Other companies looking to shake up the food supply include Motif Ingredients, which launched earlier this year with $90 million in investor financing. It aims to produce alternatives to dairy, egg and meat proteins using microbial fermentation and supply them to food makers.

其他尋求改變食品供應(yīng)的公司包括Motif components,該公司于今年早些時(shí)候推出,獲得了9000萬(wàn)美元的投資者融資。該公司的目標(biāo)是利用微生物發(fā)酵生產(chǎn)乳制品、蛋類和肉類蛋白的替代品,并將其供應(yīng)給食品生產(chǎn)商。
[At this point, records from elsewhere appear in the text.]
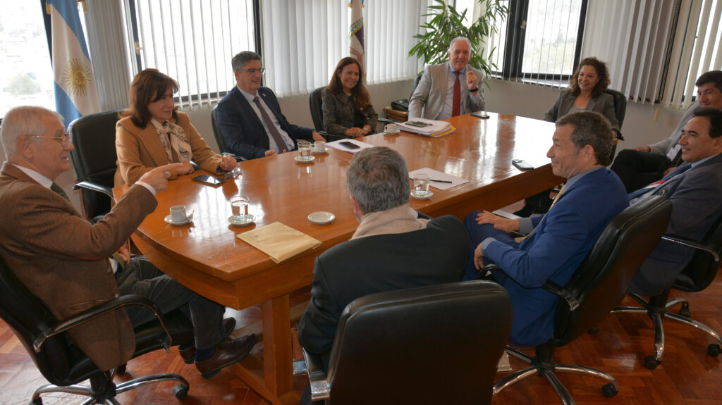La reunión tuvo lugar hoy, 12 de septiembre, participando los jueces y las juezas de la máxima instancia judicial de la provincia Dres. Federico Otaola – presidente-, María Silvia Bernal, Laura Lamas González, Mariano Miranda, María Eugenia Nieva y Martín Llamas; el Dr. Sabelli, y las autoridades del Colegio de Magistrados y Funcionarios encabezadas por su presidente Dr. Alejandro Domínguez, y los Dres. Daniel Alsina y Marcelo Ibáñez.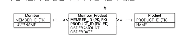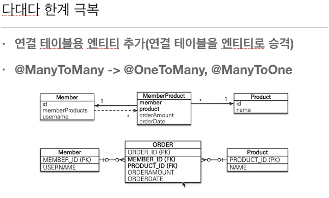 - 관계형 데이터 베이스는 정규화된 테이블 2개로 다대다 관계를 표현할 수 없음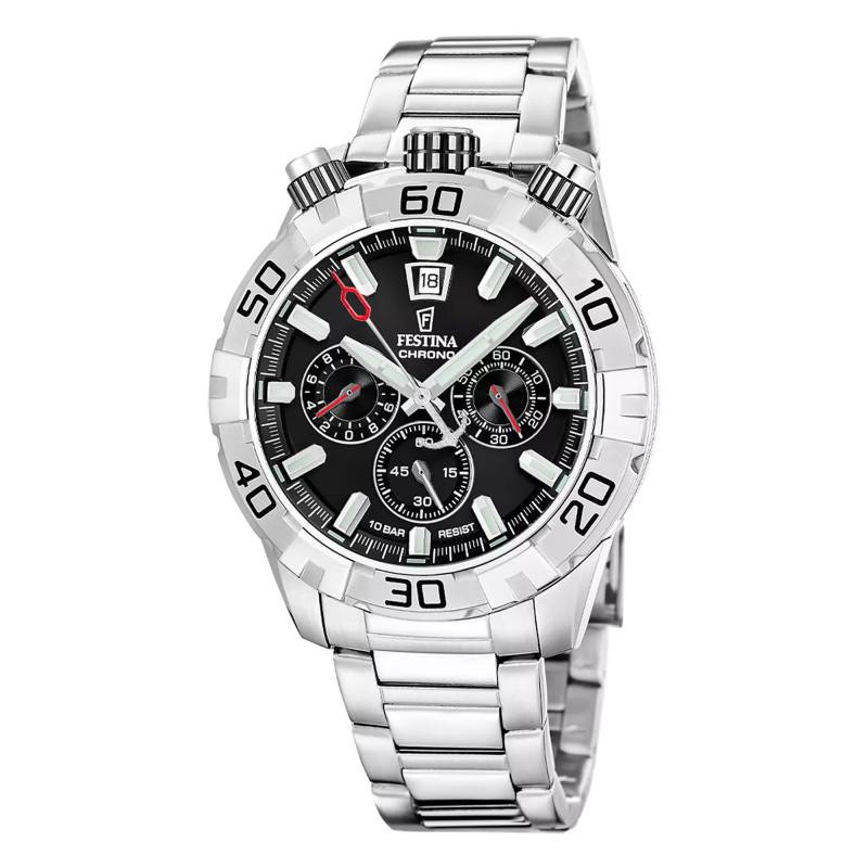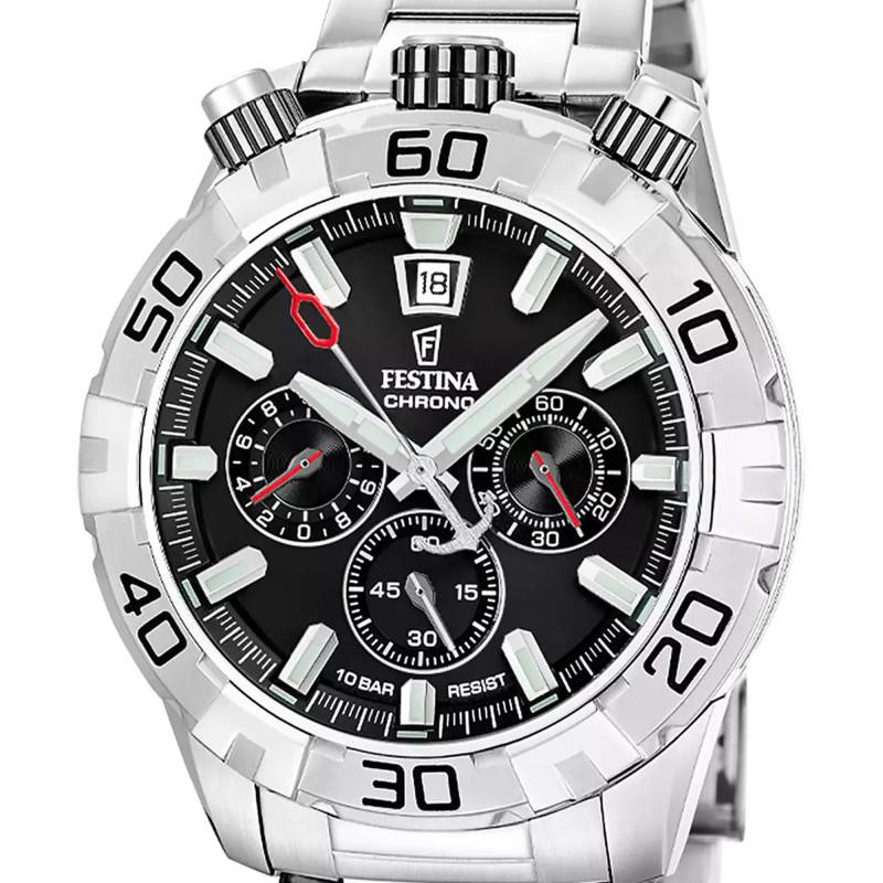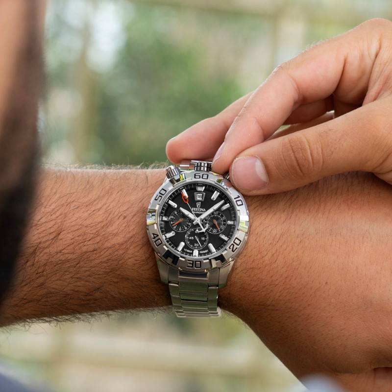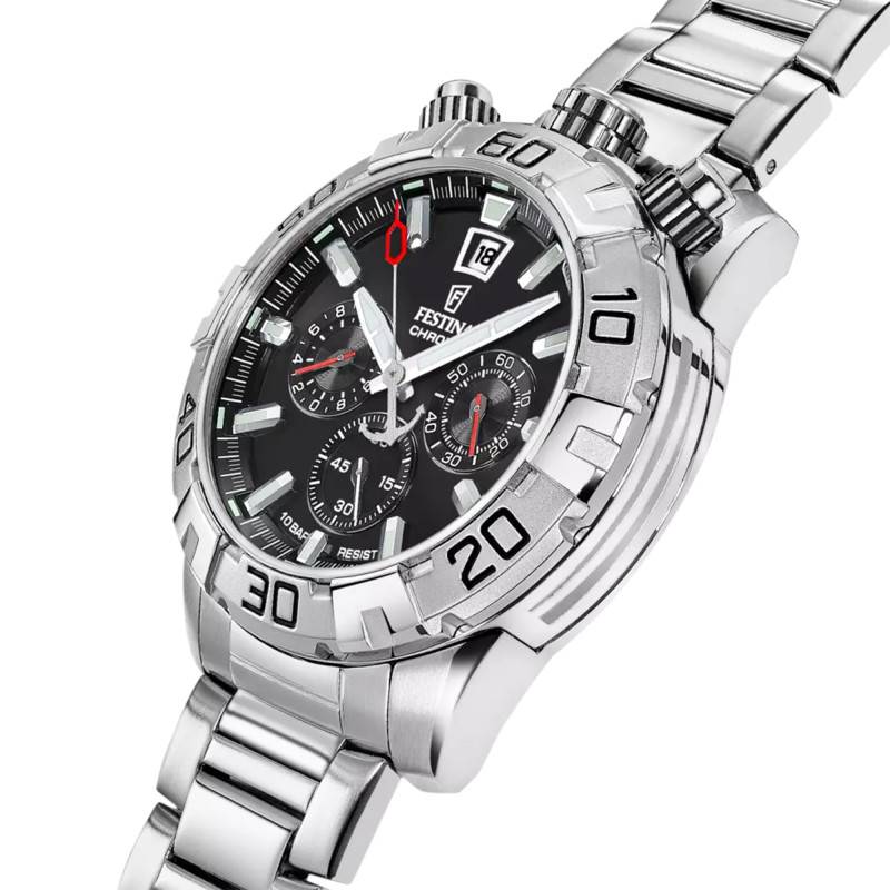 Le cadran de cette montre Festina se présente dans un noir profond avec une finition mate, rehaussé par des aiguilles et index luminescents pour assurer une visibilité parfaite dans des conditions de faible luminosité. Les chiffres arabes sont présents pour une lisibilité simplifiée, renforcée par un chemin de fer des minutes qui parcourt le pourtour du cadran. Trois compteurs additionnels embellissent ce cadran, permettant de mesurer des intervalles de temps détaillés jusqu'à 10 heures, 60 minutes et 60 secondes, ce qui souligne la nature technique et sportive de la montre.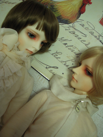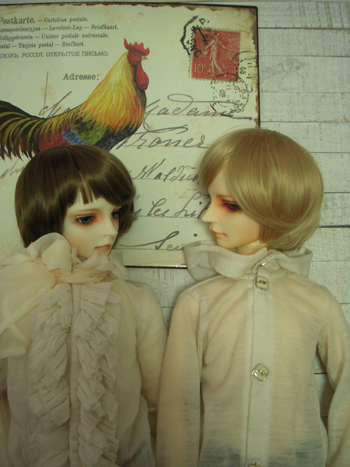 シャルルがパーカーの中に着ているのは少女用のワンピなんだけど、このディーラー様のお洋服がどれもすごく好みで、可愛くって、どうしてもどうしても欲しかったので、男の子でも大丈夫そうなデザインのものを選んで購入。靴下も同じディーラー様で購入。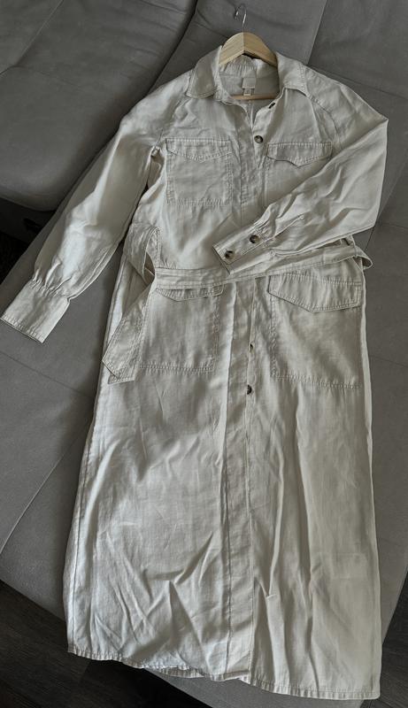 Сукня у гарному стані, легка тканина, гарно сідає по фігурі. Спереді на прихованих ґудзиках Півобхват грудей - 49 см Півобхват талії - 49 см Півобхват стегон - 49,5 см Довжина рукава від комірця - 74 см Довжина сукні - 122 см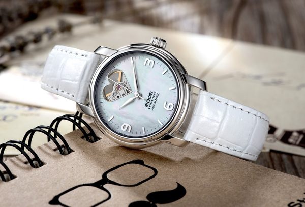 Dámské hodinky Epos Ladies 4314.133.20.50.10 jsou vyvedeny v moderním designu, o který se stará vedle perleťového číselníku také průhled na strojek ve tvaru srdce.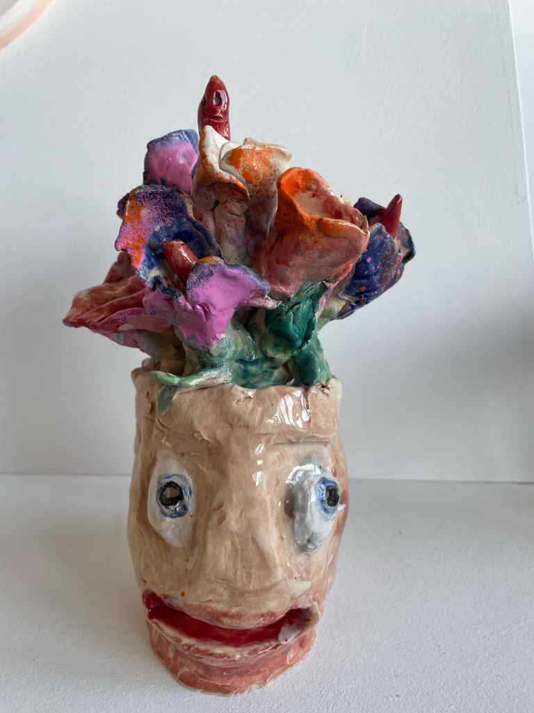 A motif is embedded in various places: a wooden ladder. The ladder embodies escape, evasion, the need to get away, to look elsewhere. The ladders rise up from the mountains, out of the open windows of houses and apartments. Their presence offers a critical opening for reflection on our withdrawn, unconscious, selfish and individualistic lifestyles. Philip Grözinger speaks of escapism. The dictionary defines this little-used concept as follows: « An attitude that consists in withdrawing from the world and civic life, through flight or disillusionment, as opposed to speaking out or taking individual or social action. Escape from reality. » So the artist creates a universe where the real and the fake are blurred. He sets the scene for an artificial, dysfunctional interior: a fireplace on which ceramic and bronze works are placed, a wooden television, a footstool, a game console, a bouquet of stylized flowers in minecraft style, etc. Philip Grözinger extracts motifs from his paintings to turn them into sculptural objects. He extracts motifs from his paintings to create sculptural objects. He writes: « For me, it’s all meant to symbolize the false nostalgia for a time when everything was better, and the retreat into the private sphere. »

Clara Foods is using a similar synthetic biology process to create egg white proteins, including a highly soluble protein that would be used in sports drinks and other beverages. That could hit the food market early next year, says Ranjan Patnaik, vice president for technology strategy and operational excellence. Another protein in the pipeline could be used as egg whites — think vegan meringue and baked goods.

克拉拉食品公司正在使用類似的合成生物學(xué)過(guò)程來(lái)制造蛋清蛋白,其中包括一種高可溶性蛋白,將用于運(yùn)動(dòng)飲料和其他飲料。該公司負(fù)責(zé)技術(shù)戰(zhàn)略和卓越運(yùn)營(yíng)的副總裁帕特奈克(Ranjan Patnaik)說(shuō),這可能會(huì)在明年初沖擊食品市場(chǎng)。另一種正在研發(fā)中的蛋白質(zhì)可以用作蛋清——想想素食蛋白酥皮和烘焙食品。

"We have made all kinds those of pound cake, meringue, other recipes" in their development lab in the San Francisco Bay Area, Patnaik says.

帕特奈克說(shuō):“我們?cè)谂f金山灣區(qū)的研發(fā)實(shí)驗(yàn)室里,制作了各種磅餅、蛋白派和其他食譜。”